Thank you, yet again, for your ability to shift and change in this most unusual and challenging of summers—this is certainly not what any of us expected a few months ago and certainly not what we wanted.  Nevertheless, we will simply do what we do best: Teach. Learn.

I hope all are well,



Library Services

  • The entire Collins Library team is here to support your teaching and to facilitate student learning. Visit the remote resources page to learn more about the ways the library can support you. If you have questions, email, and a librarian will respond.
  • The library has scores of ebooks that are available without simultaneous use restrictions. Contact your liaison librarian regarding ebook access and purchases, or review our eBook Guide. Ben Tucker, digital services and outreach and reference librarian, is available to help you identify Open Educational Resources (OER) and Open Access materials that might work well in lieu of, or in addition to, traditional textbooks.


Zoom Pro Licenses

Faculty and staff members may now access professional Zoom licenses as part of the University of Puget Sound’s enterprise license. Professional licenses support up to 300 active participants and include breakout sessions, chat, and more.

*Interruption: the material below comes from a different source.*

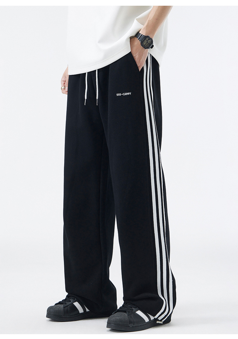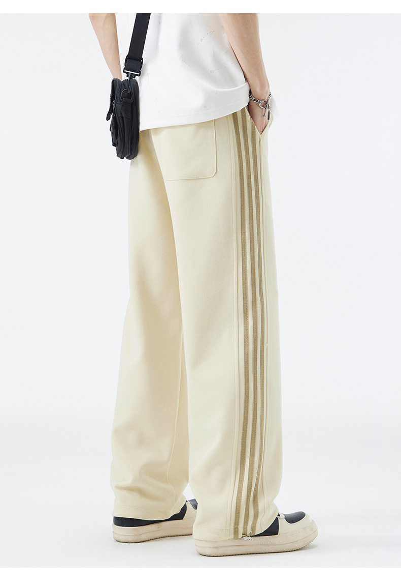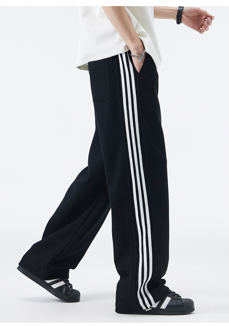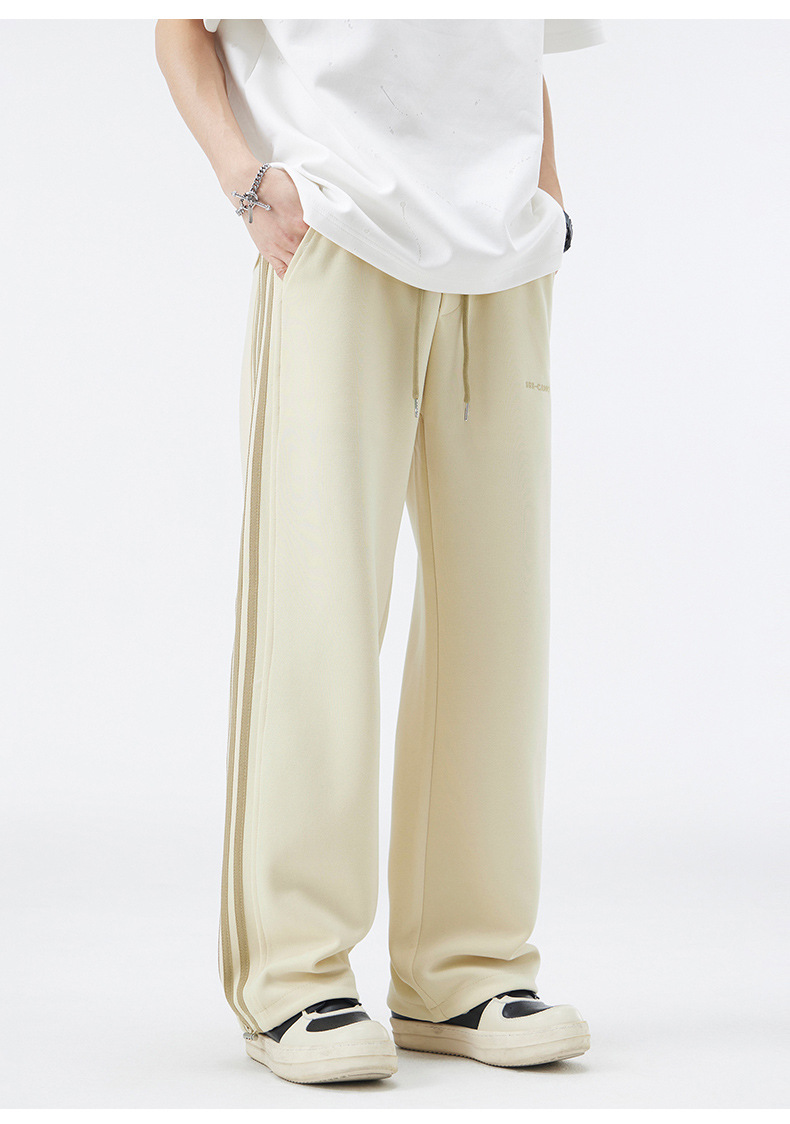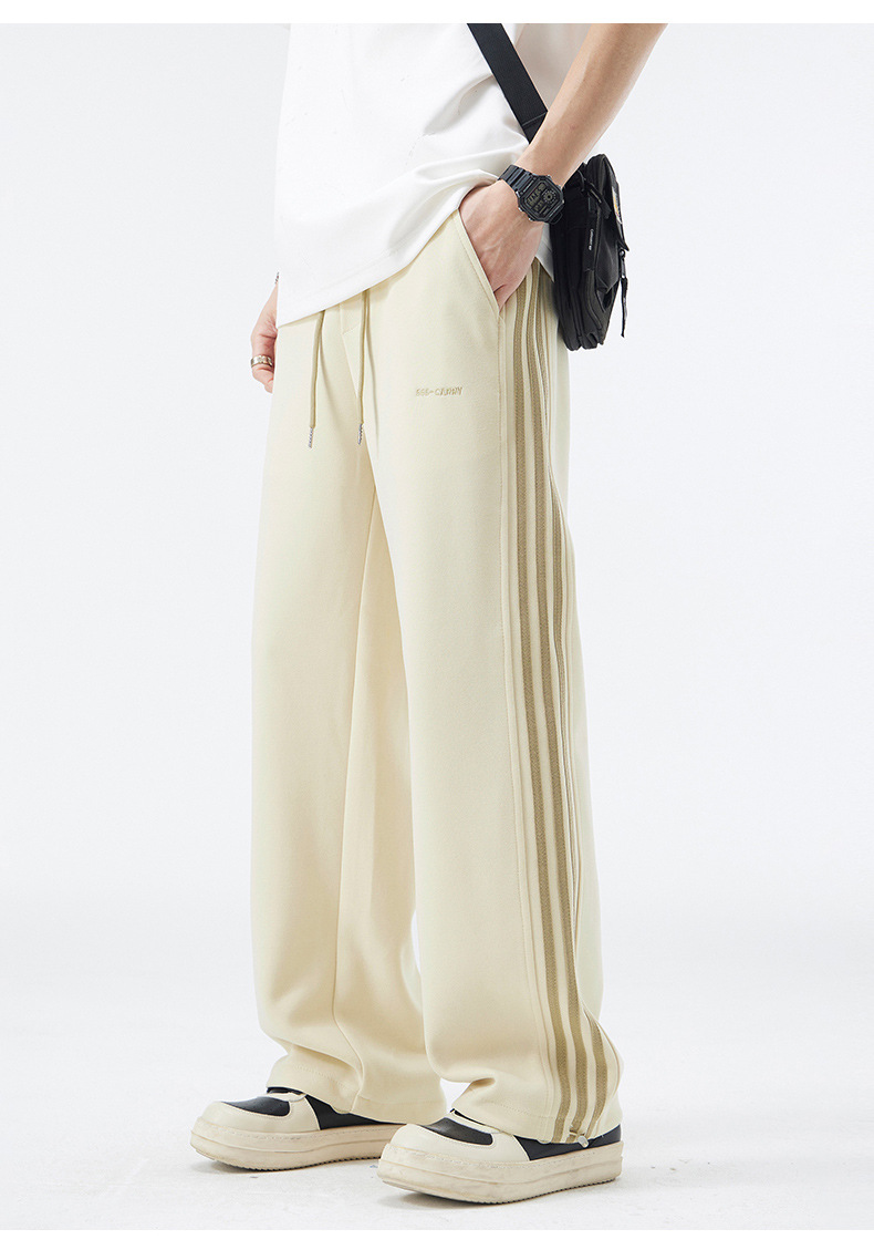 미국 하이 스트리트 패션 브랜드 삼선 스웨트팬츠 트렌디 남성 와이드 팬츠 스트레이트 레그 스포츠 바지 남성용 바지 가을 겨울

Accessing your pro license:

  • Visit and log in with your university credentials OR download the Zoom app on your computer, smartphone, or tablet and use your university credentials to log in.
  • If you have been using a personally owned Zoom license, please transition further use to the university’s Zoom license, as this affords us the security and legal protections of the enterprise license.
  • If you previously set up a personally owned Zoom account using your email address, you will need to remove that address from your personal account prior to authenticating with your Puget Sound credentials.
  • If you were already using a university-issued Zoom account, you will continue to have access to your account.

Zoom also will be integrated with Canvas, should you wish to take advantage of the integration for classes. Zoom/Canvas integration is expected to be completed in the coming weeks.

Google Hangouts/Meet will remain available and may be used alongside Zoom. You may choose whichever platform best fits your individual needs. Please be sure to use your university credentials for Google Hangouts and Meet, as well.